The National Credit Union Administration (NCUA) insures all federally-chartered credit unions and many state-chartered credit unions through the NCUSIF. See ~201 of the FCU Act, 12 U.S.C. 1781. In order to be granted and maintain its federal charter, an FCU must maintain insurance through the NCUSIF. See ~~201 and 206 of the FCU Act. You note that the FCU Act addresses the proportional reduction of an NCUSIF premium for a state-chartered, federally insured credit union when the credit union substitutes NCUSIF insurance with insurance from another source (see Sections 206(a)(2) and 206(d)(3)), but that the FCU Act does not address premium refunds for FCUs or for NCUSIF-insured, state chartered credit unions if they wish to terminate insurance altogether. FCUs can not remain FCUs without NCUSIF insurance. Therefore, a premium reduction pursuant to Section 206(d)(3) of the FCU Act is inapplicable to FCUs. If an FCU converted its charter to a state-chartered credit union, it could then convert from NCUSIF insurance to insurance from another source (if state law did not require NCUSIF insurance) and get a proportionate reduction in its premium pursuant to Section 206(d)(3).
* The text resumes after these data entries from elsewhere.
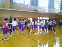クラス内で2チームに分かれ、八の字跳びの回数を数えました。温かい雰囲気で長縄跳び...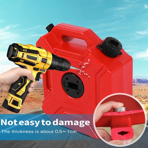 Korek po odkręceniu zamienia się w lejek z długą szyjką , zapobiega rozlewaniu paliwa.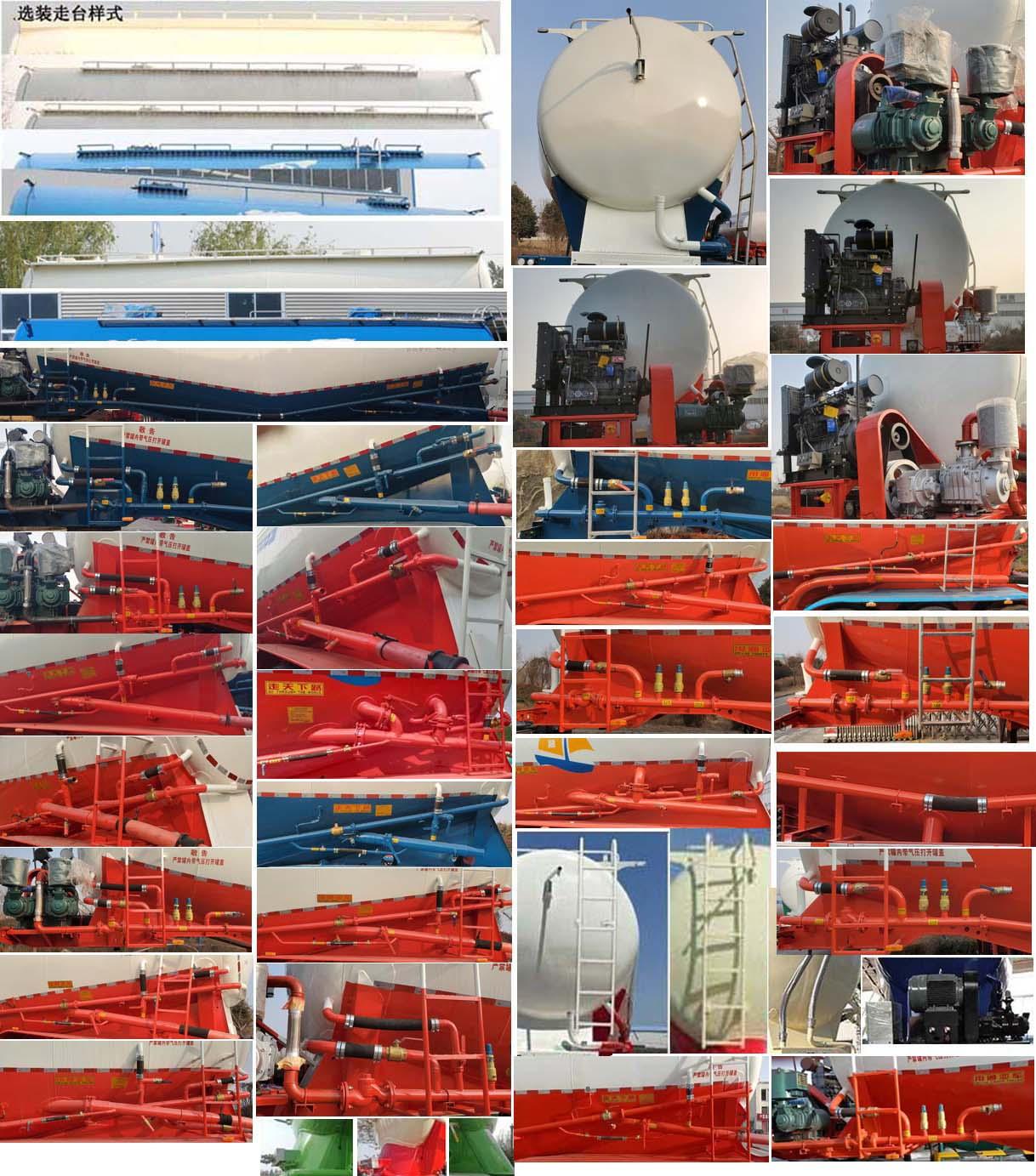 頂部封閉不可開槽,后部不可開啟;罐體有效容積:29.3立方米,運輸介質:干拌砂漿配料,密度:1170千克/立方米;當罐體外形尺寸罐體長(含封頭)8540mm,最大截面處寬2550mm,最大截面處高3100mm,前后封頭直徑為1810mm(選裝前后封頭直徑為1710mm),選裝罐體外形尺寸罐體長(含封頭)8050mm,最大截面處寬2550mm,最大截面處高3100mm,前后封頭直徑為1810mm(選裝前后封頭直徑為1710mm);當輪胎型號為11R22.5 14PR時,輪胎中間加裝雨簾;選裝走臺樣式,選裝后組合燈樣式,選裝車輛前部加裝機組,選裝爬梯安裝位置及個數(一個/兩個/三個),選裝前后封頭處進氣管位置和個數,選裝后部大梁圓孔樣式和非圓孔樣式,選裝大梁后部圓弧樣式,選裝牽引銷后大梁樣式;ABS系統生產廠家:廣州瑞立科密汽車電子股份有限公司,梁山順安達汽車科技有限公司,廣州市西合汽車電子裝備有限公司,型號:CM2XL-4S/2M,SAD-ABS4S/2M,XH-GQ4S2M-E01;側面及后下部防護裝置所用材料材質為:Q235,側面及后下部防護裝置與車輛連接方式均為:螺栓連接或焊接,后部防護裝置的主要尺寸參數:斷面尺寸(mm)為120×68,離地高度為:500mm;車長/牽引銷到車輛最前端距離/軸距/后懸對應關系為:9500/1470/4560+1310+1310/850,8720/690/4560+1310+1310/850,9500/1310/4800+1310+1310/770,8720/530/4800+1310+1310/770,9050/1210/4370+1310+1310/850,8300/460/4370+1310+1310/850,9050/1290/4370+1310+1310/770,8300/540/4370+1310+1310/770.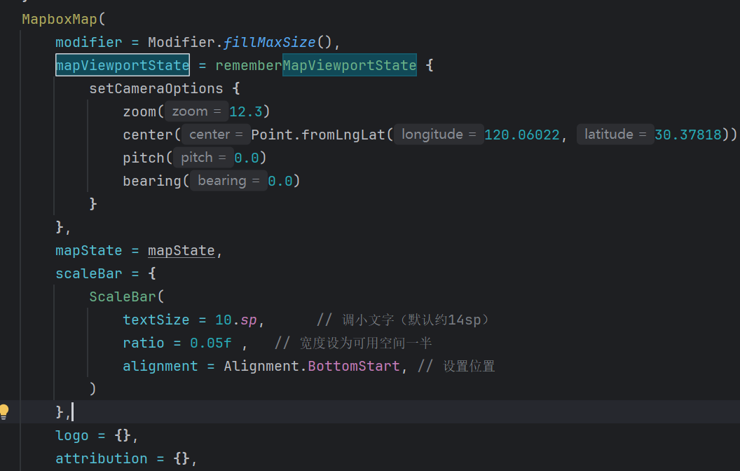 在 MapboxMap 初始化时,设置比例尺和 logo 的位置和样式。通过 ScaleBar 组件自定义比例尺的文本大小、宽高比和对齐方式。在示例中,将比例尺的文本大小设置为 10.sp,宽高比为 0.05f,并将其放置在左下角。通过将 logo 参数设置为一个空的 Box 组件,可以隐藏 logo。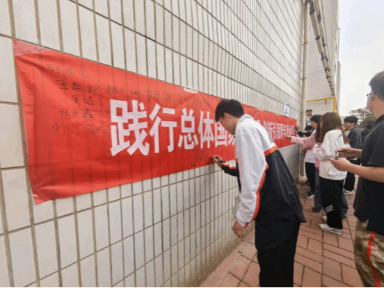 讲座结束后,参会同学在印有“践行总体国家安全观,创新引领青年使命担当”的横幅上郑重签下自己的姓名,充分表达了作为时代青年做国家利益的捍卫者、国家安全的守护人的坚定信念,一笔一画里面蕴含了他们坚决维护国家安全的决心。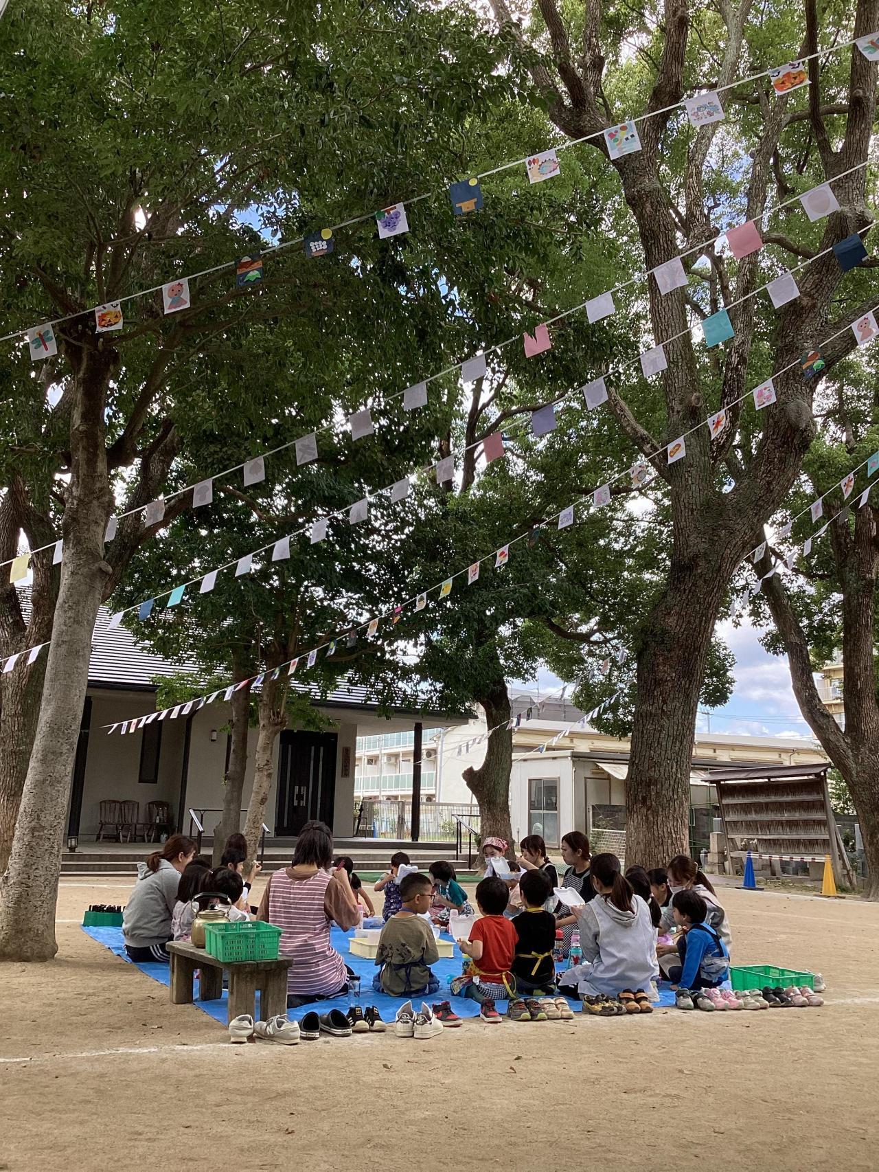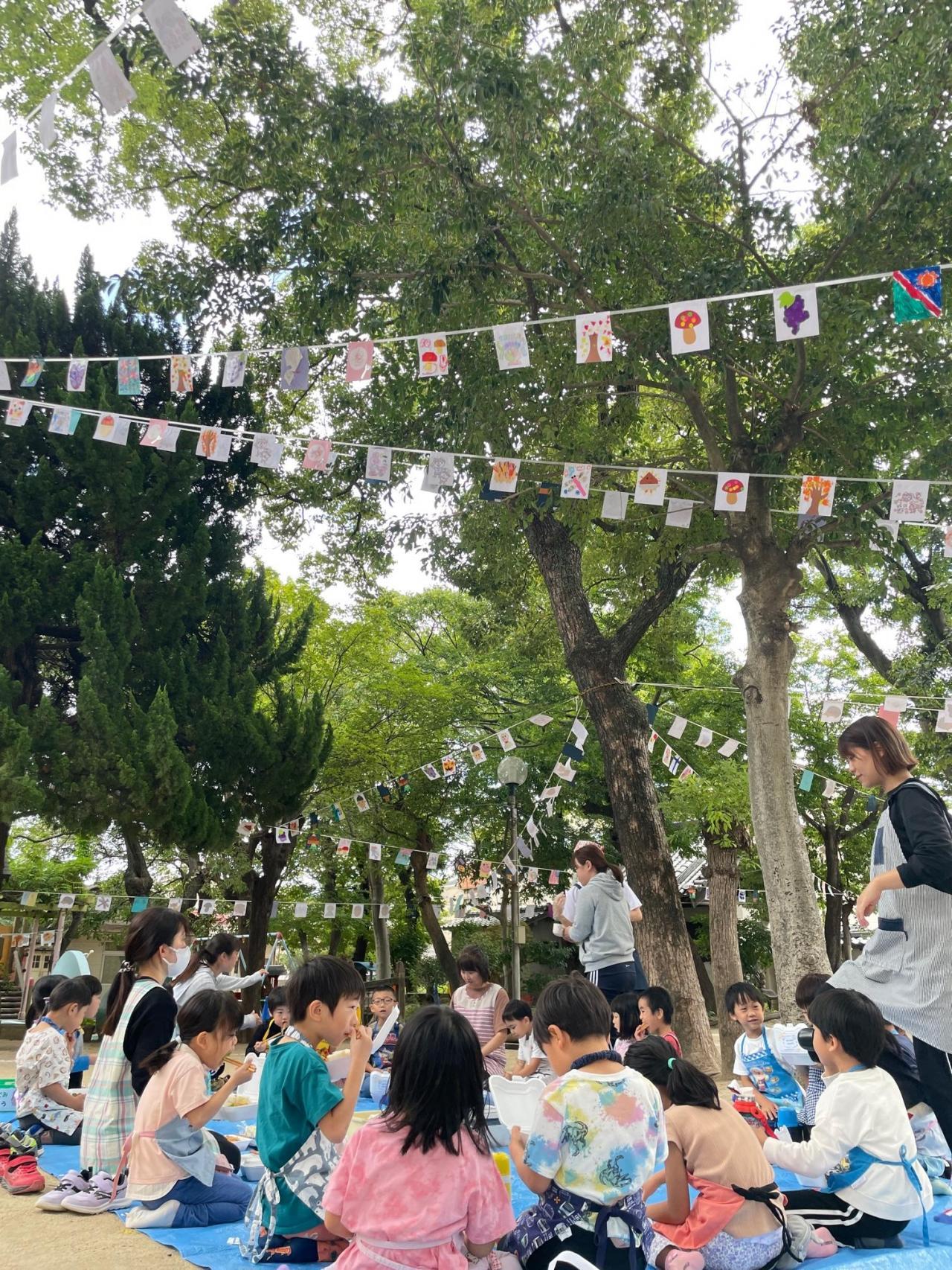 各クラスお手製の旗を頭上に、それを眺めながらのお昼ご飯となりました☺️☺️☺️

A state-chartered, NCUSIF insured credit union that decides to drop insurance altogether will continue to be insured by the NCUSIF for one year after the effective date of insurance termination and remains liable for premiums while so insured. (See Section 206(d)(1) of the FCU Act.) Therefore, a rebate of an insurance premium would not be available. Of course, the requirements of Part 708 of the NCUA Rules and Regulations (12 C.F.R. 708) must be met by any credit union terminating NCUSIF insurance.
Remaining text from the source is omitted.